GTREET: Georgia Tech Retreat Exploring Effective Teaching

This annual event is the seedbed and showcase for the TTL initiative. Explore TTL courses at the faculty poster session, participate in TTL workshops, and enjoy lunch with your faculty colleagues.

More Information

Working in a cohort model, grant recipients participate in summer course redesign workshops to learn about the 8 research-supported high-impact elements that all instructors can use to create transformative classroom learning environments.

  • The 2023 pilot cohort designed experiential engagement that fostered significant student learning and evaluated the impact of these changes on student outcomes.
    Read more about the 2023 cohort.
  • The 2024 cohort integrated undergraduate research into traditional courses through CUREs (Course-base Undergraduate Research Experiences) – inquiry-based projects that engage undergraduates in bona fide research experiences within traditional classroom settings – a pedagogy borrowed from the natural sciences that TTL faculty are extending to other disciplines.
    Read more about the 2024 cohort.
  • The 2025 cohort built service-learning courses that integrate classroom instruction with meaningful community engagement. Community-based learning promotes active engagement, collaboration, and practical application of knowledge, fostering a deeper understanding of academic concepts and cultivating civic responsibility among learners.
    Read more about the 2025 cohort.

Teaching Project Showcase

Visit the Teaching Project Showcase, an online library of teaching innovations, to learn about the transformative teaching projects, including the ones highlighted below.

Documenting Georgia Green Book Sites

Danielle Wilkens

Students connected place, history, and legacy as they catalogued and digitally documented former Green Book sites, some of which are in danger of disappearing. 

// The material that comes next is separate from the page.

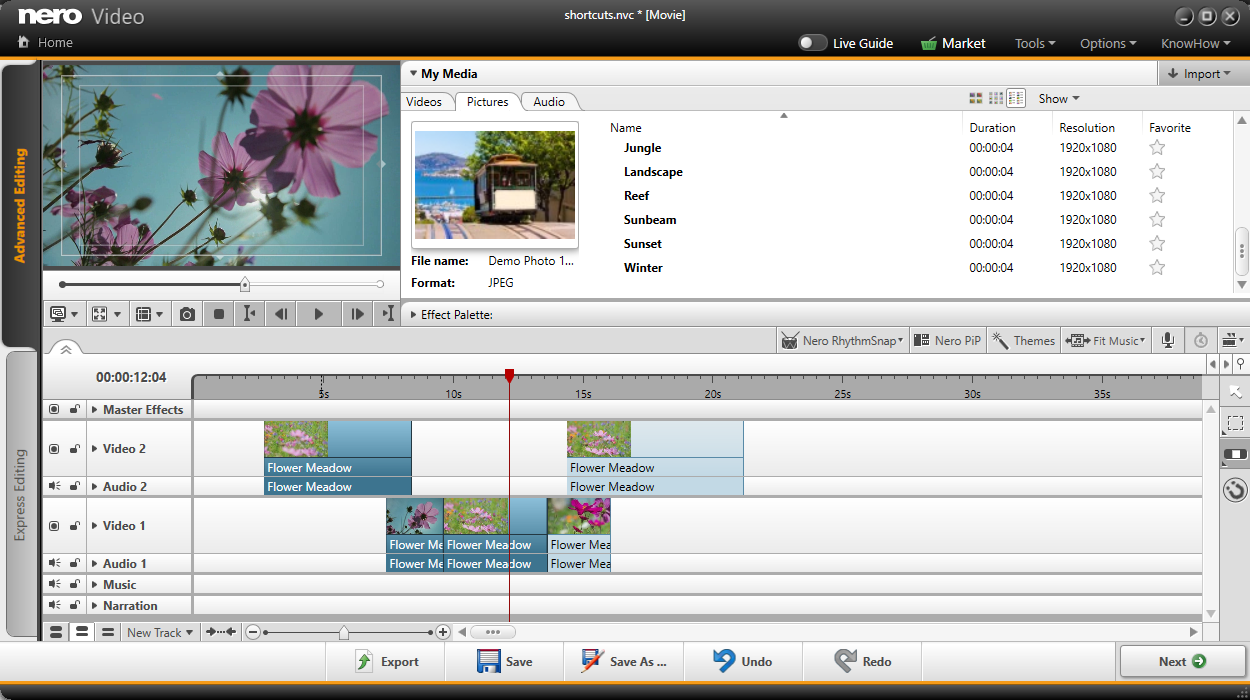 Edit faster - Nero Video shortcuts

Can a Simulated Internet increase Student Empathy?

Ashutosh Dhekne

This project exposed students to the variability in Internet quality as experienced by many around the world — slow, unresponsive, or intermittently lossy — and then challenged students to repair these issues through active experimentation and reflection.   

Graphic Medicine Project

Leah Misemer

Students achieved increased storytelling skills and cultural sensitivity through partnering with the Shepherd Center to produce comics about the experience that patients with disabilities had with using new assistive technology.  

A "CURE" for the Polymer Processing Lab

Himani Sharma 

The goal of the project was to promote inquiry-based learning by empowering students to design and carry out their own experiments, moving away from a prescriptive, step-by-step approach and toward independent problem-solving and critical thinking. 

Enhancing Programming Proficiency through Robotics Projects

Rodrigo Borela 

Students improved their computational thinking skills, self-efficacy, and attitude toward computing by writing code to initiate various robot behaviors, such as making autonomous deliveries and maze navigation.